The Chamoli disaster, destroying two hydropower stations, raises important questions about infrastructure investment for clean energy development, climate adaptation justice, disaster governance, conservation, and sustainable development in the Himalaya and other high-mountain environments. It stresses the importance of a better understanding of the cause and impact of mountain hazards. It is increasingly important that infrastructure investments in mountain regions take the risk of climate-induced water hazards into consideration together with other risk assessments in planning stages. Knowledge and experience held by local communities need to be taken on board.
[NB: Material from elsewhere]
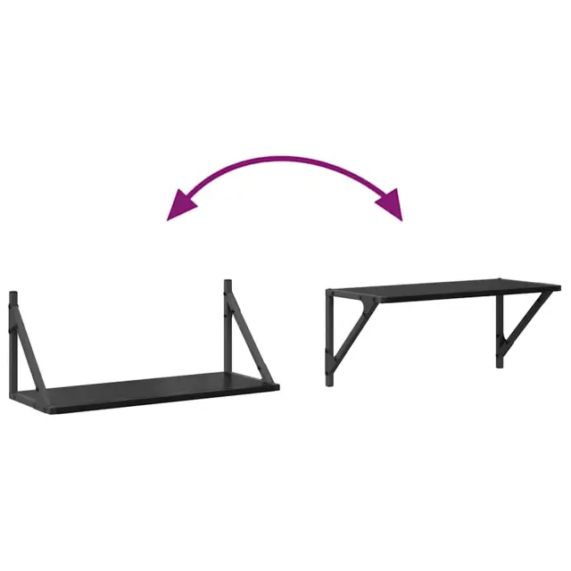 vidaXL Stenske police s polico 2 pcs Črna Orehovina 60 x 25 x 25,5 cm
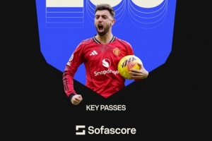 體育資訊3月21日訊 據(jù)Sofascore統(tǒng)計(jì),B費(fèi)本賽季英超送出100記關(guān)鍵傳球,遙遙領(lǐng)先其他球員,他也是本賽季五大聯(lián)賽首位關(guān)鍵傳球達(dá)到100次的球員。

The disaster tragically revealed the risks associated with the expansion of hydropower infrastructure into increasingly unstable territory. Enhancing inclusive dialogues among governments, local stakeholders and communities, private sector, and the scientific community could help assess, minimize, and prepare for existing risks. The disaster indicates that the long-term sustainability of planned hydroelectric power projects must account for both current and future social and environmental conditions, while mitigating risks to infrastructure, personnel, and downstream communities.
The rate of temperature increase in the Himalayas is higher than the global average, related to the high elevation. It will result in increased magnitude of high intense rainfall events, as well as rapid retreat of glaciers, snow, and permafrost, resulting in more unstable mountain slopes. With the Chamoli disaster, nature tries to ring the warning bells. The question is if we are ready to listen, Dr Eriksson says.